Now, I love me some first-person story-telling because I always expect the narrator to be unreliable. And this one certainly is. Alden Dennis Weer is a strange old guy and the way he reminisces about people, places and events from his past (and present?) soon makes it abundantly clear that there is more here than meets the eye at first glance. And Peace is definitely that rare type of book that will reveal more of itself with each re-read. I almost want to start over from the beginning right away to see what I missed in the early going that might help clarify where we ended up. Which was where again? Ah yes. The ending, (if one can call it that). Frustratingly incomplete and yet... Oh well, there are too many other books clamoring for their fair share at the moment - but I will be tempted to re-read this one sooner rather than later while it's still relatively fresh. Anyway, I pretty much loved this book - even though I am grinding my teeth a bit at the swooshing sound I keep hearing above my head...

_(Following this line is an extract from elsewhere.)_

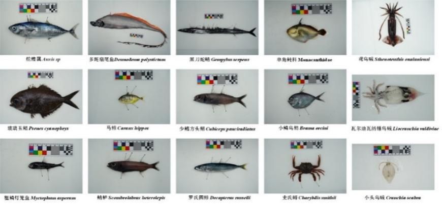 本次调查包括中上层拖网、延绳钓、鱿鱼钓等多种作业方式,采集到100余种渔业生物,主要包括鸢乌贼、少鳍方头鲳、灯笼鱼、大目金枪鱼、黄鳍金枪鱼、剑鱼、帆蜥鱼和紫魟等。灯笼鱼科、圆鲳科、柔鱼科、鲹科、鲭科和蛇鲭科是主要中层及中上层鱼类资源,其中柔鱼科资源占绝对优势;灯笼鱼科资源主要分布在马尔代夫西部公海海域,而其他鱼类资源在索马里东南部公海存在高密度分布区。此次调查采集了2000米深水水样,获取了鱼卵、仔稚鱼、浮游生物、环境DNA、微塑料和常规水文样品等1万余份,保存了珍贵渔业生物标本300余份,以及水文、气象、声学数据等超过2TB,系统分析了中西印度洋渔场的生态学基础。

A footnote: Gene Wolfe has never been an easy read for me. He places a heavy demand on his audience. When you pick up one of his books, do not expect to be spoon-fed a plot. That doesn't mean there isn't a plot, only that there will be deeper meanings in his stories than you might at first realize. There are always layers of meaning and hidden events in Wolfe's narratives. This book is perhaps his most confounding that I have read to date - although Castleview is comparably dense with semi-whispered meanings.